REQUIRED WORK:
Write out all of the records below precisely as given, omitting the images.

[Opening PROVIDED RECORDS section]

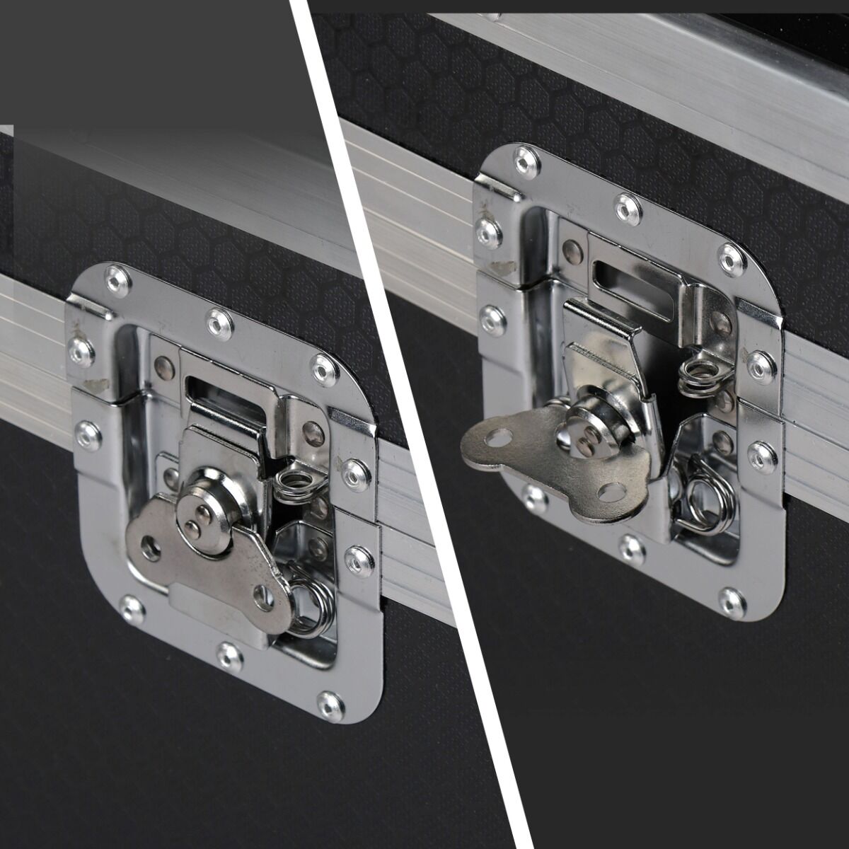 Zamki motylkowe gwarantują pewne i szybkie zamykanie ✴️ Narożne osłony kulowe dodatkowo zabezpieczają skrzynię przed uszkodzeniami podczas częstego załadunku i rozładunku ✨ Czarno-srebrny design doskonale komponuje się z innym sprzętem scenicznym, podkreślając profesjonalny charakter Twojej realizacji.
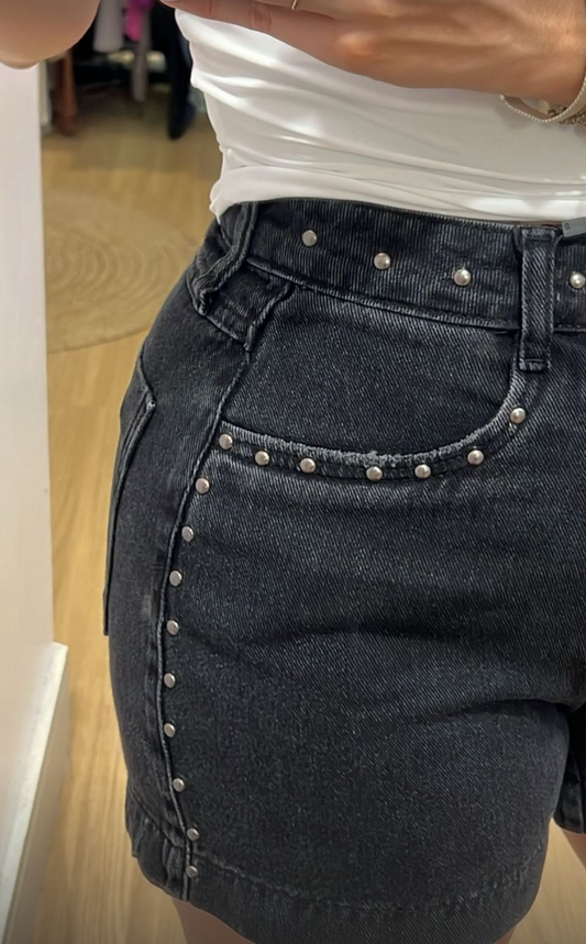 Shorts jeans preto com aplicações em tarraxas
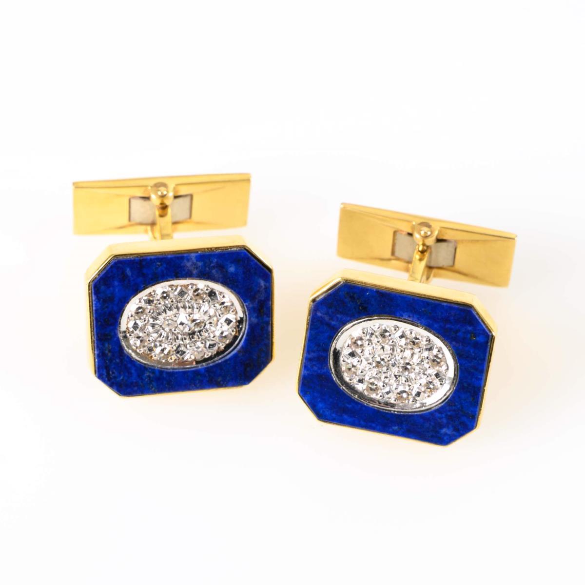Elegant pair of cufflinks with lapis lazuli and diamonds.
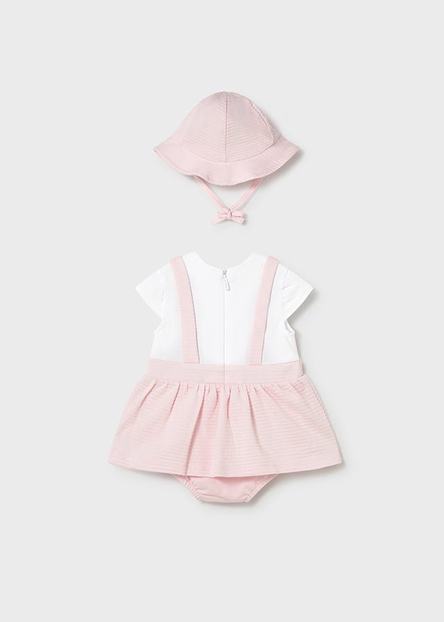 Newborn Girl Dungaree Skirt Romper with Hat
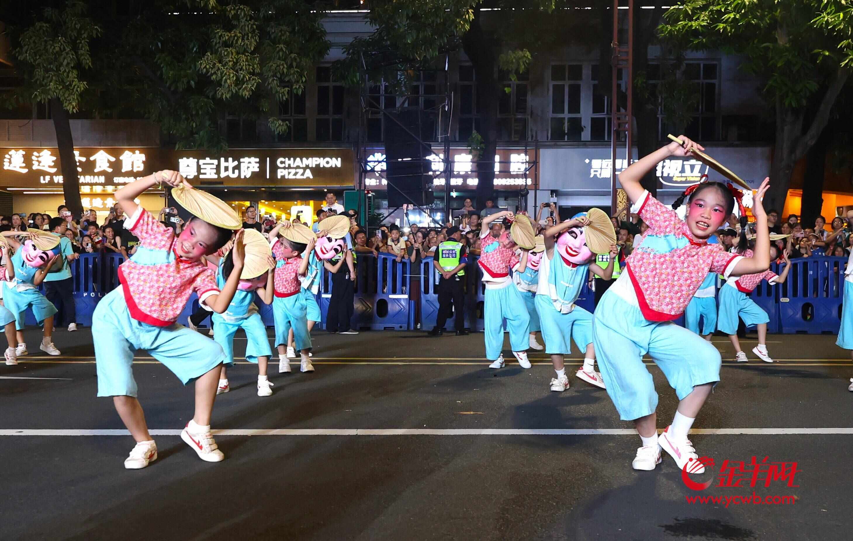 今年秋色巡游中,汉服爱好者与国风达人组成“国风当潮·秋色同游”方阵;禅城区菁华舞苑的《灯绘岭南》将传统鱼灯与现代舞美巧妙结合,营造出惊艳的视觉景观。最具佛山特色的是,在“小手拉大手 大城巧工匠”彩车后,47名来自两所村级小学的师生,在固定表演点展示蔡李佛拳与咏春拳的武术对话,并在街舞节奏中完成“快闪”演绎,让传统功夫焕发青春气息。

[Closing PROVIDED RECORDS section]

RESPONSE:
 Zamki motylkowe gwarantują pewne i szybkie zamykanie ✴️ Narożne osłony kulowe dodatkowo zabezpieczają skrzynię przed uszkodzeniami podczas częstego załadunku i rozładunku ✨ Czarno-srebrny design doskonale komponuje się z innym sprzętem scenicznym, podkreślając profesjonalny charakter Twojej realizacji.
 Shorts jeans preto com aplicações em tarraxas
Elegant pair of cufflinks with lapis lazuli and diamonds.
 Newborn Girl Dungaree Skirt Romper with Hat
 今年秋色巡游中,汉服爱好者与国风达人组成“国风当潮·秋色同游”方阵;禅城区菁华舞苑的《灯绘岭南》将传统鱼灯与现代舞美巧妙结合,营造出惊艳的视觉景观。最具佛山特色的是,在“小手拉大手 大城巧工匠”彩车后,47名来自两所村级小学的师生,在固定表演点展示蔡李佛拳与咏春拳的武术对话,并在街舞节奏中完成“快闪”演绎,让传统功夫焕发青春气息。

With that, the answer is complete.